Но было и другое, более беспощадное и более оскорбляющее. Все знали, что Евлалию
Григорьевну перевели на работу в спецотдел, а там освободили. Никто не знал, почему ее
освободили, но всем надо было объяснить себе это, и это объясняли тем, что ей дано
какое-то "особое задание". Получалось так Шептарева, будучи любовницей Чубука,
пользуется его партийным доверием и, следовательно, она - "дрянь, каких надо поискать
да поискать!".
- Воображаю, что это за задание такое... Жуть!
То, что Шептарева - любовница Чубука, у одних вызывало двусмысленный смешок, у
других - зависть, у третьих - равнодушное безразличие: "А мне какое дело!" Но то, что
она - "сексот с особыми полномочиями и со специальным заданием", у всех вызывало
гадливый страх перед нею и гадливое же омерзение к ней. Никто ничего не знал и не мог
знать, но чуть ли не все те аресты, которые шли среди сотрудников самого местпрома и
среди его многочисленных предприятий в городе и в области, люди неизменно
приписывали Евлалии Григорьевне и, в своем заблуждении, безмерно преувеличивали ее
значение. А когда у одной машинистки арестовали мужа, она, в приступе отчаяния, стала
проклинать Евлалию Григорьевну и истерически утверждала, что и отца своего и своего
мужа Ев-лалия Григорьевна "сама выдала". И чуть ли не все согласились с нею:
- Очень может быть! Уж если человек в сексоты пошел, то он на все способен!..
Так думали и так говорили хорошие и разумные люди, способные быть широкими и
благожелательными. Но они смотрели на все через искривляющую, уродующую призму, а
поэтому и видели все в искривленном, изуродованном виде. Сила, направлявшая людей,
поставила перед их глазами эту призму, и никто не задумывался над тем, почему она,
искривляя и уродуя, превращает все светлое и прекрасное в темное и отвратительное, но
никогда и нигде не превращает темное и отвратительное в светлое и прекрасное. Призма
искривляла все: не только "вижу", но и "смотрю". Люди не только видели злое уродство
во всем, но и смотрели на все изуродованным взглядом. Им была положена в рот желчь, а
поэтому им все было горько. А от этого темной и отвратительной становилась не только
жизнь, но и душа человека.
"Сексот" не был страшен, хотя он был и опасен: он был отвратителен последней степенью
отвращения, последней степенью гадливости. Людям казалось, что от него исходит
зловоние, которым он пропитался "там". А "там" страшно по-особому, понечеловеческому,
по-нездешнему. От людей, которые "там", можно ждать того, чего
нельзя ждать ни от грабителя, ни от насильника, ни от убийцы. Эти люди переступили
невозможную черту, сделавшись способными на то, на что не способен и людоед. Выдать
мужа? Предать отца? Послать на смерть сына? Распять воскресшего Бога? Пред чем в
страхе и в смятении остановятся эти люди?

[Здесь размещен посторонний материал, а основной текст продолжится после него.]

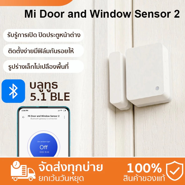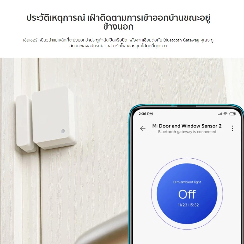 Xiaomi Mi Door and Window Sensor 2 การแจ้งเตือนบนสมาร์ทโฟนที่ซิงค์ | การเตือนเมื่อมีการเปิดทิ้งไว้ | มีเซ็นเซอร์แสงไฟ

Евлалия Григорьевна, конечно, не знала того, что говорят и что думают о ней в
местпроме. Она сначала (еще до ареста Григория Михайловича) ждала какого-нибудь
извещения от Волошинца, но никакого извещения не приходило. Потом наступила неделя
смятения и страха, когда был забыт и местпром и спецотдел. Но после того, как Григорий
Михайлович вернулся, она опять вспомнила о Волошинце, тем более что уже кончался
сентябрь. Она понимала, что ей во что бы то ни стало надо пойти в местпром и
справиться: что ей надо делать дальше? Но всякий раз, когда она думала об этом, ей
становилось невыразимо тягостно: не было сил пойти туда, спрашивать и разговаривать.
Кроме того, надо было получить зарплату за месяц. Это обстоятельство еще более
тяготило Евлалию Григорьевну: оно было для нее невыносимее, чем "спрашивать и
разговаривать". Прошло уже полтора месяца, как она не ходила на службу и фактически
не работала: сначала две недели делала непонятный перевод для Чубука, а потом целый
месяц фиктивно числилась по спецотделу. И идти получать деньги "ни за что" было для
нее тягостно и унизительно.
Несколько дней она малодушничала и с утра, уже совсем было собравшись пойти,
говорила себе: "Нет, лучше завтра!" Но в конце концов справилась с собою, взяла себя в
руки и пошла. С тоскливым сердцем поднялась по лестнице и, делая над собой усилие,
прошла в спецотдел. Но там оказалось, что Волошинца нет: он уехал по делам и "сегодня,
вероятно, уже не вернется". Евлалия Григорьевна малодушно обрадовалась этому и
поспешно повернулась, чтобы уйти, но в это время в комнату вошла какая-то пожилая
женщина (таких Вадя когда-то называл - "сильно партийная!"), очень коротко
остриженная, строгая видом и в больших круглых очках. Она испытующе посмотрела на
Евлалию Григорьевну, но тотчас же отвела глаза, как бы недовольная чем-то, и
неприветливо спросила:
- Товарищ Шептарева?
- Да, я! - негромко ответила Евлалия Григорьевна, отчего-то смущаясь.
- Вам надо пройти в кассу и получить зарплату! - тоном приказа, которым только и могут
говорить "сильно партийные коммунисты", сказала женщина, не смотря на Евлалию
Григорьевну. - Из кассы уже два раза присылали за вами: им надо ведомости отсылать, а
вас все нет. Почему вы не приходили? - строго спросила она.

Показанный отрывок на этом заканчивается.